Here we see a differential that declares a function of tau, the rate of change of time with distance along one of the Planck dimensions. There we see an admonition that this circuit is not to be completed without a cage around it. (A good thing the notation we use, and that of the Ahnenerbe, is derived from the same source, or I wouldn't be able to figure it out.) This formula looks surprisingly modern, it's some sort of curve through the complex number plane-each point along it is a different Julia set. And that is where the human sacrifice is wired into the diagram by its eyeballs while still alive, for maximum bandwidth-
I blank for a second, flashing on the evil elegance of the design. "Are you sure this is it?" I mumble.
"Of course I'm sure!" Mo snaps at me. "Do you think I'd-" She stops. Takes a deep breath. Mutters something quietly to herself, then: "What is it?"

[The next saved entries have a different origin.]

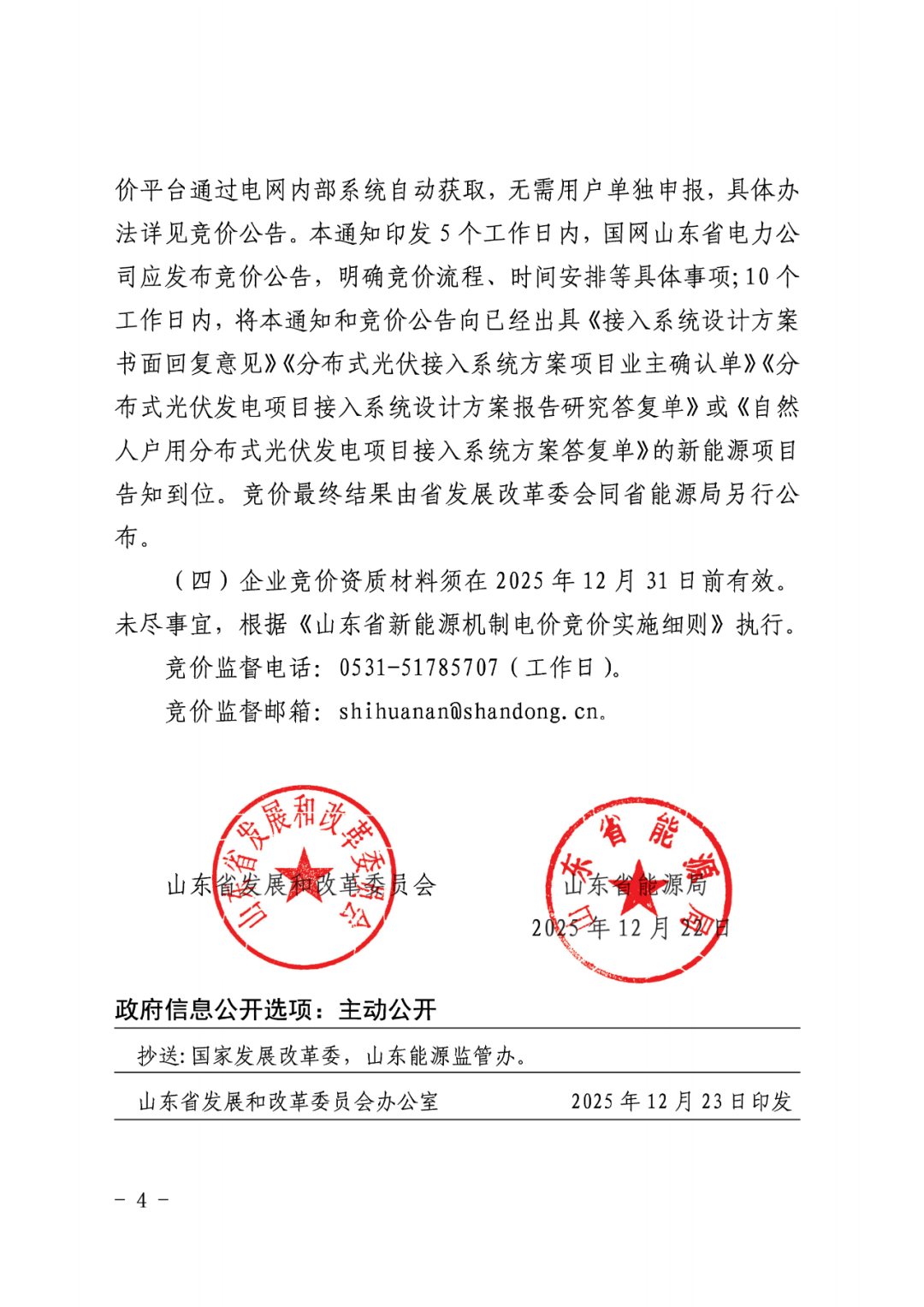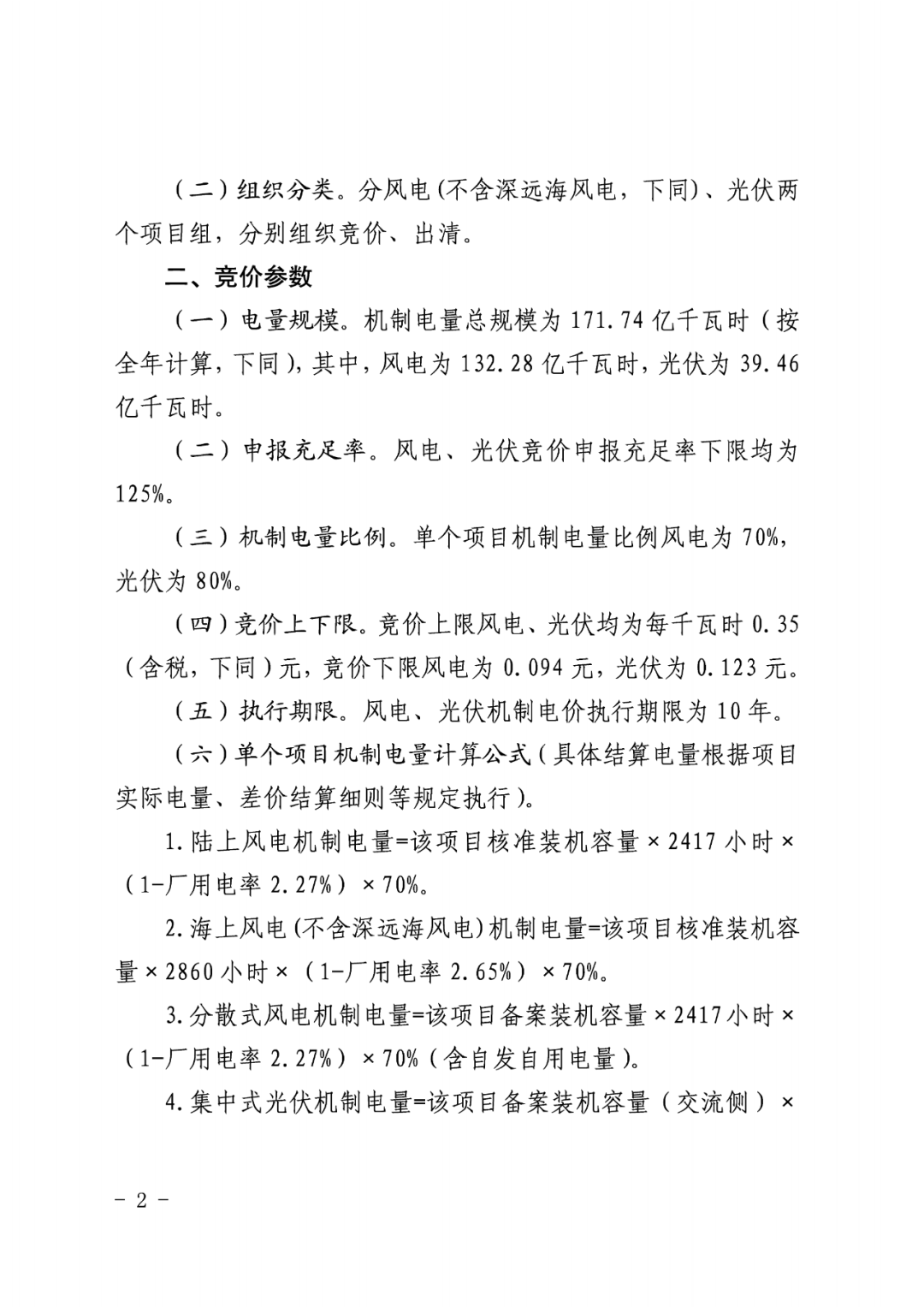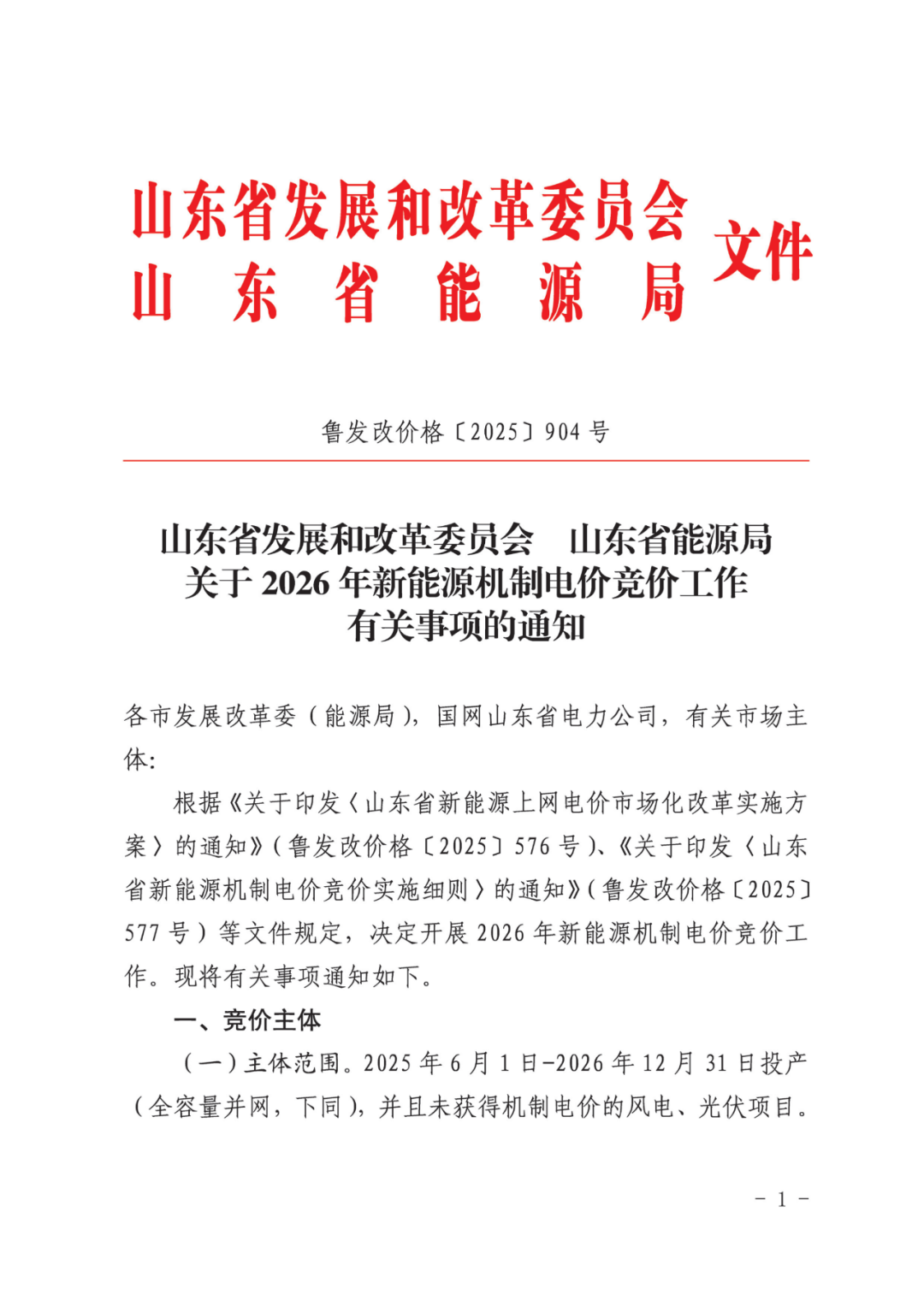 12月22日,山東省發(fā)改委、山東省能源局發(fā)布《關(guān)于2026年新能源機(jī)制電價(jià)競(jìng)價(jià)工作有關(guān)事項(xiàng)的通知》。根據(jù)文件,本次競(jìng)價(jià)主體為2025年6月1日-2026年12月31日投產(chǎn)(全容量并網(wǎng),下同),并且未獲得機(jī)制電價(jià)的風(fēng)電、光伏項(xiàng)目,分風(fēng)電(不含深遠(yuǎn)海風(fēng)電,下同)、光伏兩個(gè)項(xiàng)目組,分別組織競(jìng)價(jià)、出清。 電量規(guī)模:機(jī)制電量總規(guī)模為171.74億千瓦時(shí)(按全年計(jì)算,下同),其中,風(fēng)電為132.28億千瓦時(shí),光伏為39.46億千瓦時(shí)。 申報(bào)充足率:風(fēng)電、光伏競(jìng)價(jià)申報(bào)充足率下限均為125%。 機(jī)制電量比例:?jiǎn)蝹€(gè)項(xiàng)目機(jī)制電量比例風(fēng)電為70%,光伏為80%。 競(jìng)價(jià)上下限:競(jìng)價(jià)上限風(fēng)電、光伏均為每千瓦時(shí)0.35(含稅,下同)元,競(jìng)價(jià)下限風(fēng)電為0.094元,光伏為0.123元。 執(zhí)行期限:風(fēng)電、光伏機(jī)制電價(jià)執(zhí)行期限為10年。 值得重視的是,在其他事項(xiàng)中,文件明確,自2027年起,“戶用非自然人分布式光伏項(xiàng)目”不再納入機(jī)制電價(jià)競(jìng)價(jià)范圍。 文件如下: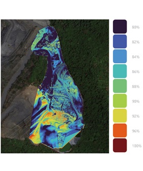 ICT施工やGNSS測量を実施するには、安定した衛星の捕捉が必要になる。従来は、現場の上空にGNSSを遮蔽するものがないか目視で確認をするか、個々による感覚で判断せざるをえなかったが、DXの活用で地 形データを利用し、空が見えている割合(天空率)が算出可能になった。局所的にGNSSの捕捉できない箇所も確認でき、無駄なく丁張りを設置。施工計画に有効な機能だ。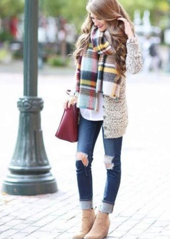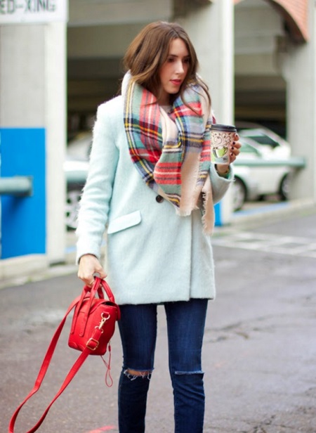 We said that you can’t wear ripped jeans with a coat without a collar, but you can find exceptions for every advice, and we have been given the rules to break them.The creator of this image decided to take a chance and show her personality, combining dark skinny jeans with sexy slits on her knees with a milk cashmere coat. This experiment was a success for her, it should be noted. And how harmoniously a multi-colored scarf looks here, which is matched to a handbag.

"I'm not 100 percent certain," I say, carefully placing the notepad I was reading from down on my chair and moving to one side so I can inspect the diagram from a different angle, "but it looks like a resonator map. A circuit designed to tune in on another universe. This one is similar to our own, in fact it's astonishingly close by; the energy barrier you have to tunnel through to reach it is high enough that nothing less than a human sacrifice will do."